=== DATA SEGMENT ===

- Opening Delimiter -

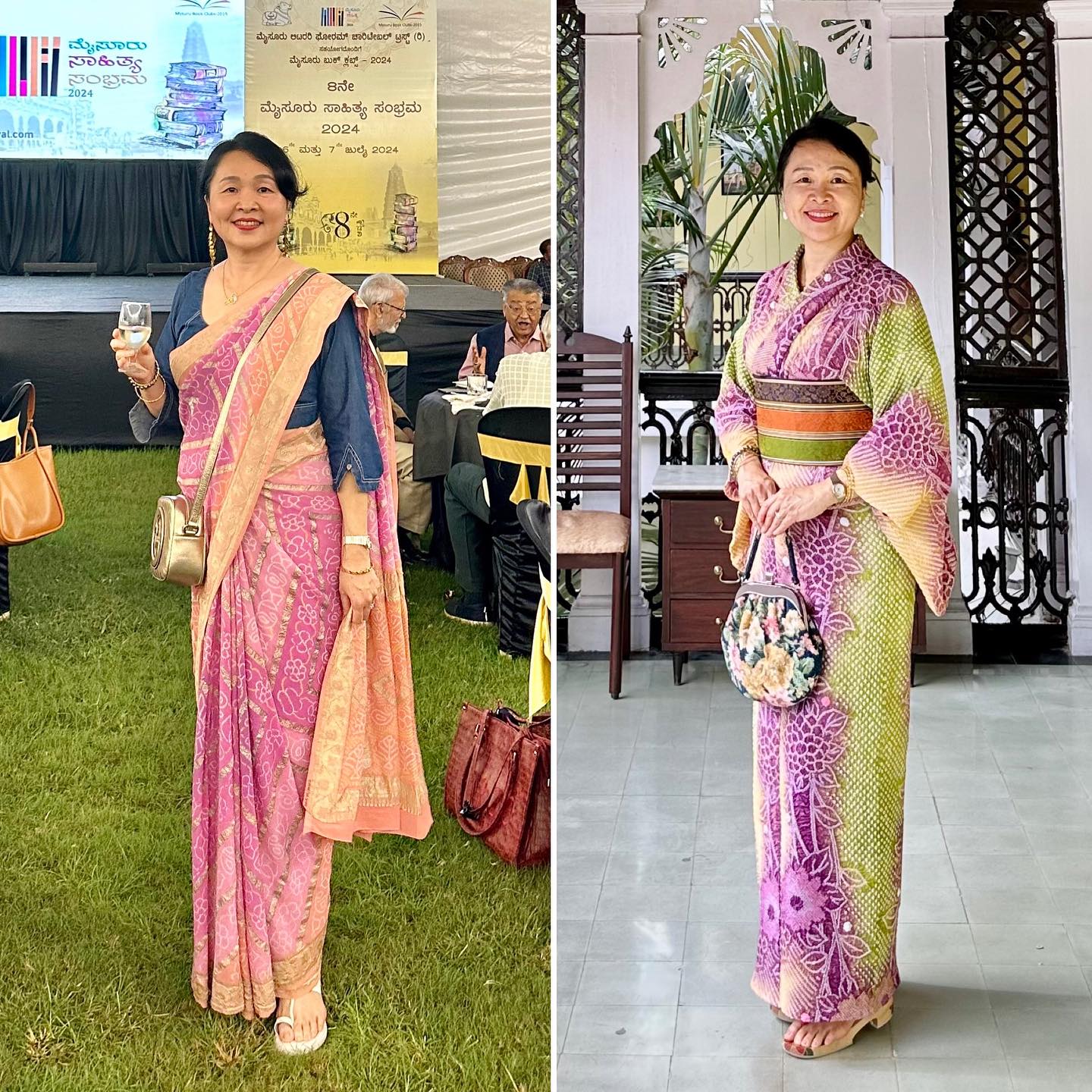 When I recently attended the Mysure Literature Festival, I wore an Indian bandhani (tie-dyed) saree on the first day and a Japanese Arimatsu Shibori yukata on the second day.
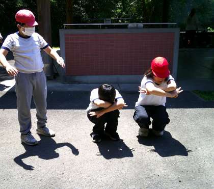 あら?片付けがひと段落したのでしょうか?面白い形の影をつくっている子たちがいました。とてもいい天気ならではの遊びですね。
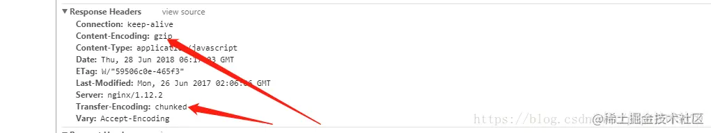 Content-Encoding:gzip 说明开启了gzip压缩

- Closing Delimiter -

=== WORK TO COMPLETE ===
Could you transcribe all of the data exactly and omit the pictures?

=== TASK ANSWER ===
 When I recently attended the Mysure Literature Festival, I wore an Indian bandhani (tie-dyed) saree on the first day and a Japanese Arimatsu Shibori yukata on the second day.
 あら?片付けがひと段落したのでしょうか?面白い形の影をつくっている子たちがいました。とてもいい天気ならではの遊びですね。
 Content-Encoding:gzip 说明开启了gzip压缩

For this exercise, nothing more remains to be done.